As for why a subtype’s parameters doesn’t gain the constraints of its declared supertype’s parameters by default, it’s because you actually implicitly specified Any as the type constraints. It’s not treated differently from doing:

abstract type AB{T<:Real} end
struct B{T<:AbstractString} <: AB{T} end
#= same as specifying arbitrary where clause in iterated union,
which isn't restricted by an existing type's where clause,
in this case B{T} where T<:AbstractString also specifies
a supertype AB{T} where T<:AbstractString (matching T). =#

It’s more apparent there that you can’t simply “inherit” parameter constraints, you must compute the type intersection; in B’s case there is no valid type parameter. typeintersect is documented to be occasionally imprecise (though it works perfectly for typeintersect(AbstractString, Real) == Union{}), so checking for a valid parameter is done using the direct types’ and its supertypes’ constraints sequentially.

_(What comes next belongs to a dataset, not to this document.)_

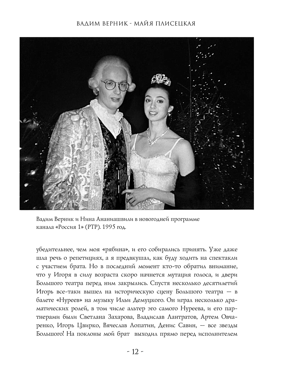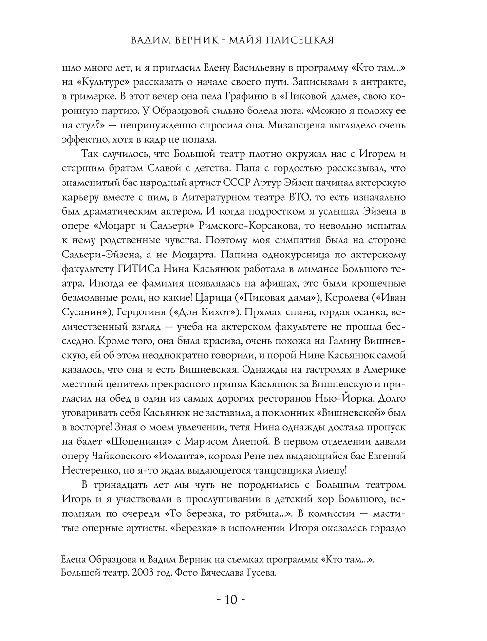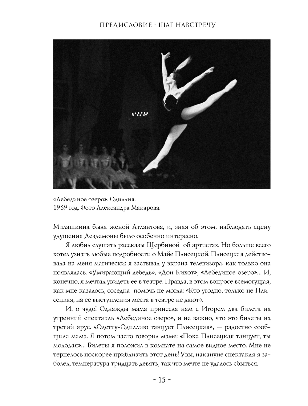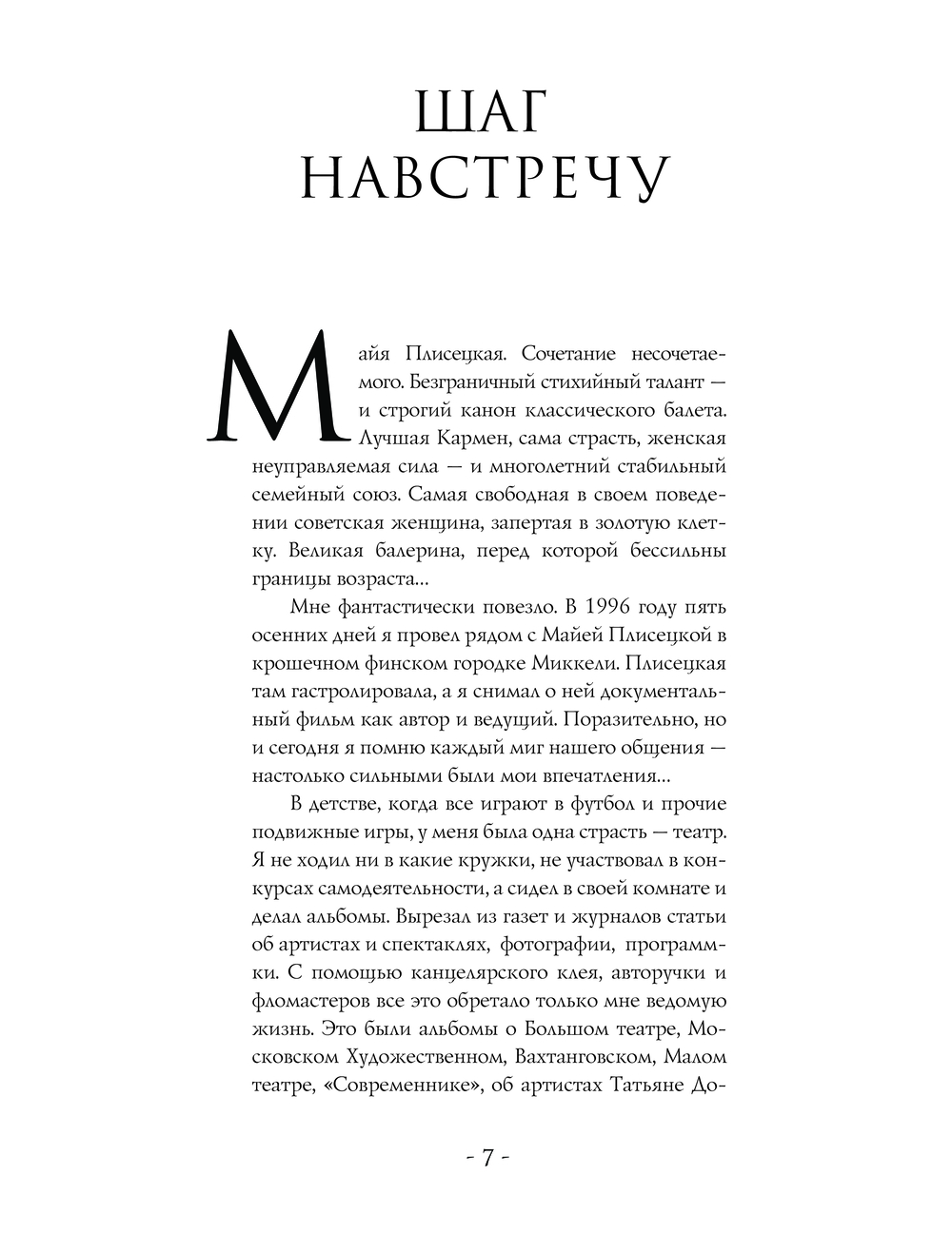 В 1996 году журналист и телеведущий Вадим Верник снял документальный фильм о Майе Плисецкой "Майя. Урок классического танца" (в телевизионном цикле "Субботний вечер со звездой"). Съемки проходили в небольшом финском городе Миккели, и на протяжении пяти дней Вернику посчастливилось много общаться с великой балериной. А спустя годы появилась идея на основании этих бесед сделать книгу, тем более, что большинство материалов не вошли в фильм из-за ограниченного хронометража. Эта книга – попытка автора показать Майю Плисецкую "своими глазами", нарисовать портрет без позирования и всевозможных мифов вокруг ее имени.

If you don’t want to deal with intersection difficulties, manually replicate or narrow constraints in all the subtypes’ definitions. This is best practice because you don’t want to look up supertypes, which are possibly in other packages, just to know the parameter constraints.

brainandforce · February 18, 2024, 8:37pm

This explains it. This might be something that needs to be reflected in Julia documentation, because I couldn’t find anything on it in the Types section, even though it does cover parametric abstract types.

brainandforce · February 27, 2024, 9:28pm

Just going to point out that I’ve opened up an issue on GitHub to have this behavior documented.

The one response does suggest enforcing the constraint through typeintersect.

Benny · February 28, 2024, 5:01am

Unfortunately I don’t think that’ll work because of typeintersect’s occasional imprecision, checking type parameter constraints up the supertype chain really is more reliable, and that’s not something you can really store in 1 UnionAll. There could be a method that prints the sequence of parameter constraints, for reflection’s sake.

Besides, making types have straightforward type parameter constraints in the source code still requires manual design, for example struct CliffordNumber{Q,T,L} would be misleading whether or not the resulting UnionAll instance incorporated perfected typeintersect constraints. That would indeed be nice to document somewhere.

Feel free to bring these up in the issue or just link this thread in your post, that’s done sometimes for brevity’s sake.